### Task
Leave every picture out, then reproduce the rest of the listing exactly.

### Given material
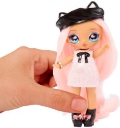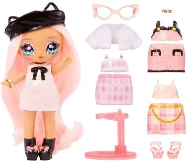 Minipop met roze haartjes, schattige accessoires en opvallende oogjes. Ideaal formaat voor kleine handjes om dagelijks mee te spelen en te verzamelen.
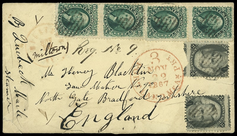 1867 (Nov. 20) Milltown Me. to Bradford-Yorkshire, England, registered cover bearing two 2¢ black (73) singles and two 10¢ green (68) vertical pairs , small faults, grid cancels, red "Milltown Me. Nov 20" cds with ms. "Reg. No. 9." registry number, red "Portland Me. Am. Pkt. '3' Nov 22, 1867" credit datestamp, ms. "By Quebeck Mail Steamer" routing, carried by Allan Line Hibernian from Quebec Nov. 27th to Londonderry arriving Dec. 4th, Bradford-Yorks (12.6.67) arrival backstamp, ms. docketing "…recd the sum of 101.50 to retire bill due 7/10cts inst."; couple small opening tears at bottom, small tear at right, otherwise Very Fine cover, otherwise Very Fine cover, ex-Arthur White, Friedman .
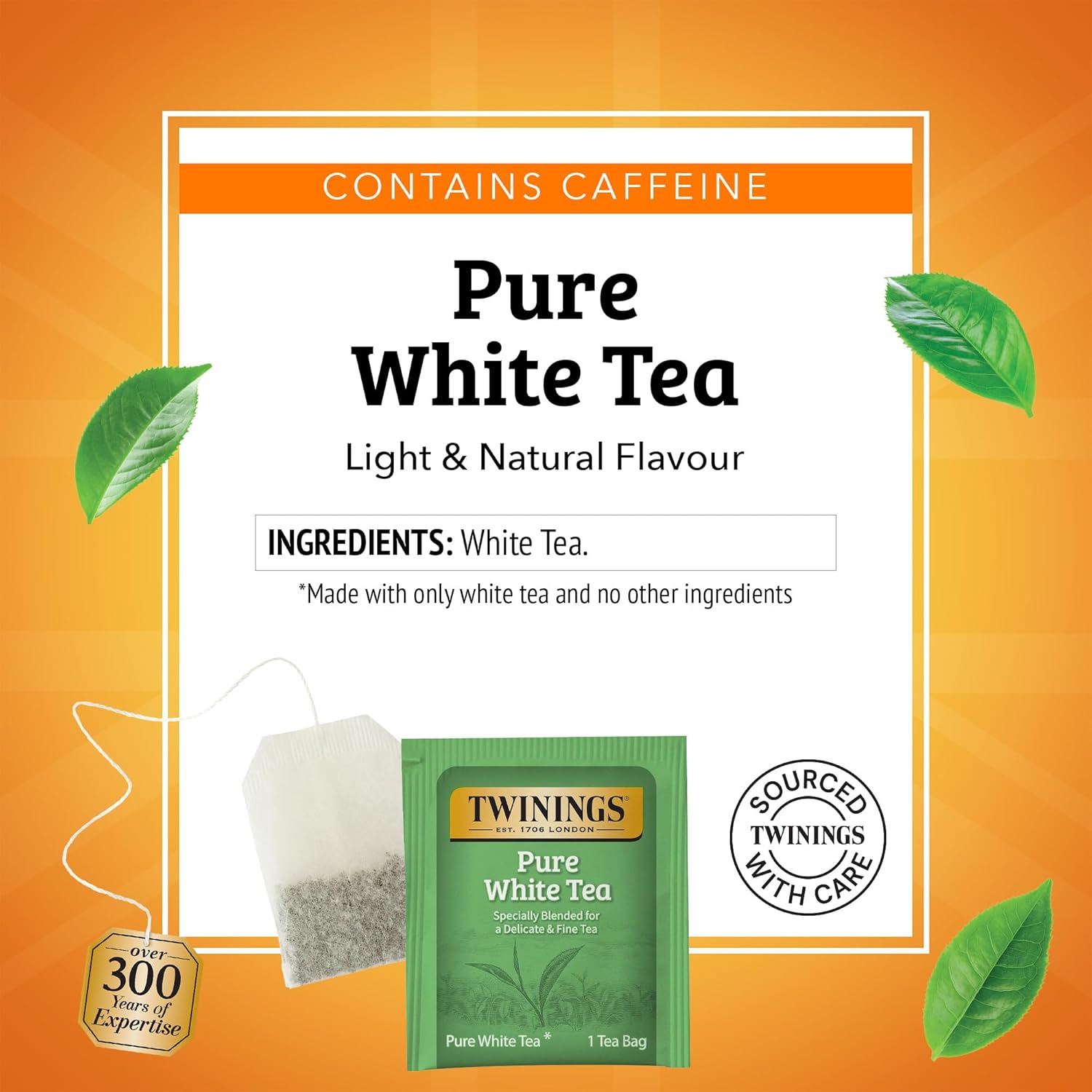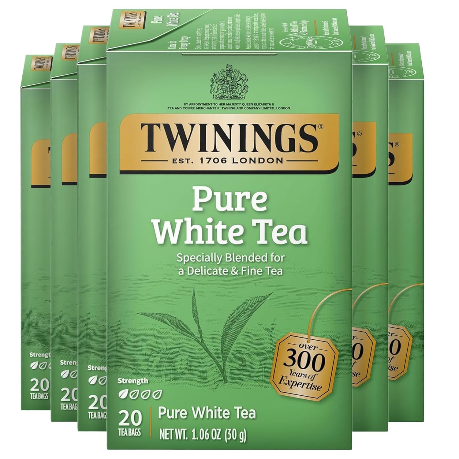 Twinings Pure White Tea Individually Wrapped Bags, 20 Count (Pack of 6), Light & Fresh, Caffeinated, Enjoy Hot or Iced, 120 Teabags

### Result for this exercise
 Minipop met roze haartjes, schattige accessoires en opvallende oogjes. Ideaal formaat voor kleine handjes om dagelijks mee te spelen en te verzamelen.
 1867 (Nov. 20) Milltown Me. to Bradford-Yorkshire, England, registered cover bearing two 2¢ black (73) singles and two 10¢ green (68) vertical pairs , small faults, grid cancels, red "Milltown Me. Nov 20" cds with ms. "Reg. No. 9." registry number, red "Portland Me. Am. Pkt. '3' Nov 22, 1867" credit datestamp, ms. "By Quebeck Mail Steamer" routing, carried by Allan Line Hibernian from Quebec Nov. 27th to Londonderry arriving Dec. 4th, Bradford-Yorks (12.6.67) arrival backstamp, ms. docketing "…recd the sum of 101.50 to retire bill due 7/10cts inst."; couple small opening tears at bottom, small tear at right, otherwise Very Fine cover, otherwise Very Fine cover, ex-Arthur White, Friedman .
 Twinings Pure White Tea Individually Wrapped Bags, 20 Count (Pack of 6), Light & Fresh, Caffeinated, Enjoy Hot or Iced, 120 Teabags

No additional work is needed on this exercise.